On 6/24/2019 7:42 PM, Paul Moore wrote:
> On Mon, Jun 24, 2019 at 10:15 PM John Johansen
> <john.johansen@canonical.com> wrote:
>> On 6/24/19 6:46 PM, Paul Moore wrote:
>>> On Mon, Jun 24, 2019 at 9:01 PM Casey Schaufler <casey@schaufler-ca.com> wrote:
>>>> On 6/24/2019 2:33 PM, John Johansen wrote:
>>>>> On 6/21/19 11:52 AM, Casey Schaufler wrote:
>>>>>> Change the audit code to store full lsmblob data instead of
>>>>>> a single u32 secid. This allows for multiple security modules
>>>>>> to use the audit system at the same time. It also allows the
>>>>>> removal of scaffolding code that was included during the
>>>>>> revision of LSM interfaces.
>>>>>>
>>>>>> Signed-off-by: Casey Schaufler <casey@schaufler-ca.com>
>>>>> I know Kees raised this too, but I haven't seen a reply
>>>>>
>>>>> Eric (Paul is already CCed): I have directly added you because of
>>>>> the question below.
>>>>>
>>>>> In summary there isn't necessarily a single secid any more, and
>>>>> we need to know whether dropping the logging of the secid or
>>>>> logging all secids is the correct action.
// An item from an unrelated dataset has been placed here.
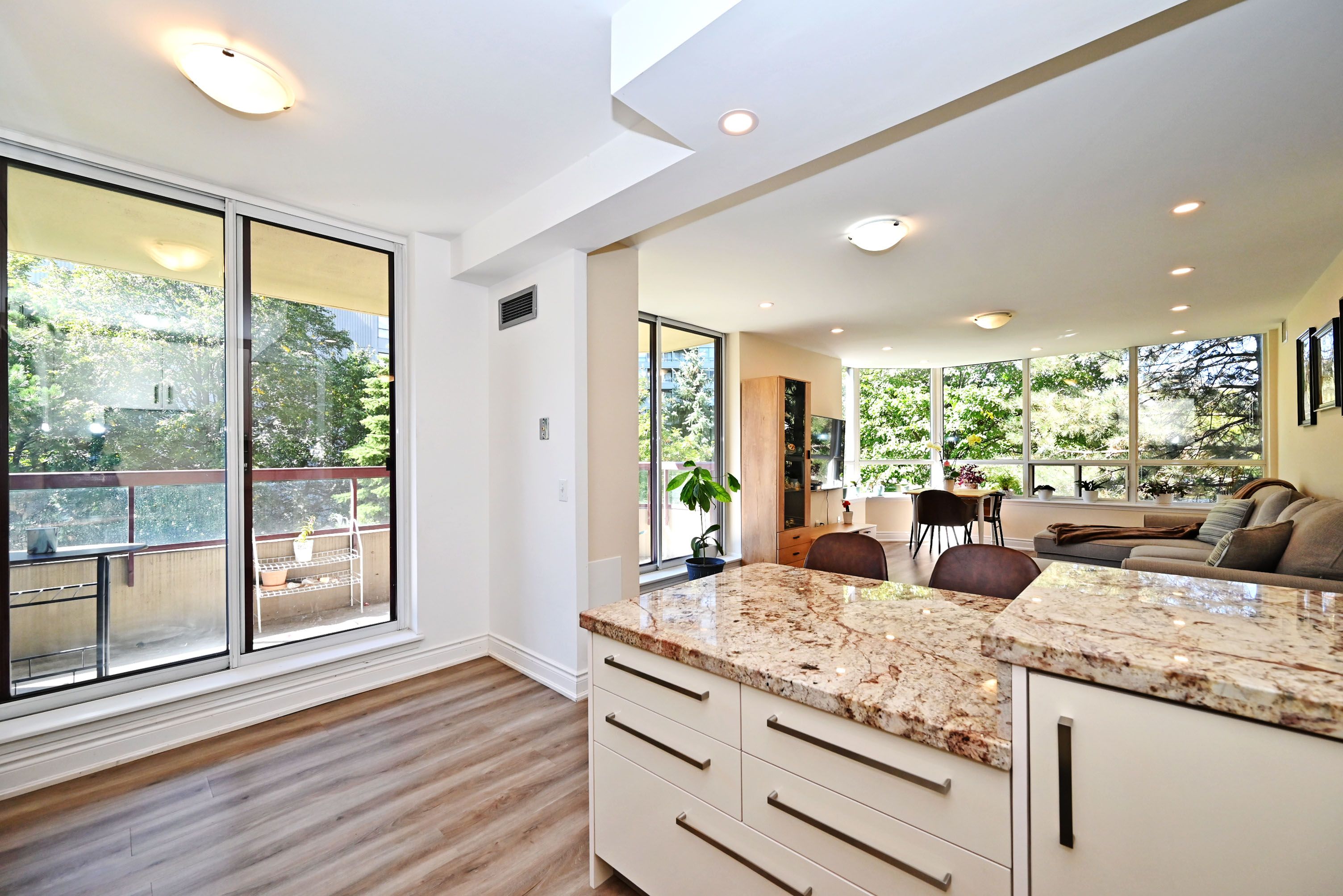 Welcome to a stunning, fully renovated 2-bed, 2-bath condo in a prime Thornhill location! This modern unit boasts a sleek open-concept layout with high-end finishes, including a new kitchen with stainless steel appliances, granite countertops, and a spacious living/dining area that opens to a private balcony. Enjoy fantastic building amenities such as a gym, whirlpool, outdoor pool, tennis court, and visitor parking. Ideally located near public transit, Promenade Mall, parks, and shopping. Includes 1 underground parking space and 1 locker.

>>>> It is to be considered that this is an error case. If
>>>> everything is working normally you should have produced
>>>> a secctx previously, which you'll have included in the
>>>> audit record. Including the secid in the record ought to
>>>> be pointless, as the secid is strictly an internal token
>>>> with no meaning outside the running kernel. You are providing
>>>> no security relevant information by providing the secid.
>>>> I will grant the possibility that the secid might be useful
>>>> in debugging, but for that a pr_warn is more appropriate
>>>> than a field in the audit record.
>>> FWIW, this probably should have been CC'd to the audit list.
>>>
>> hrmm indeed, sorry
>>
>>> I agree that this is an error case (security_secid_to_secctx() failed
>>> to resolve the secid) and further that logging the secid, or a
>>> collection of secids, has little value the way things currently work.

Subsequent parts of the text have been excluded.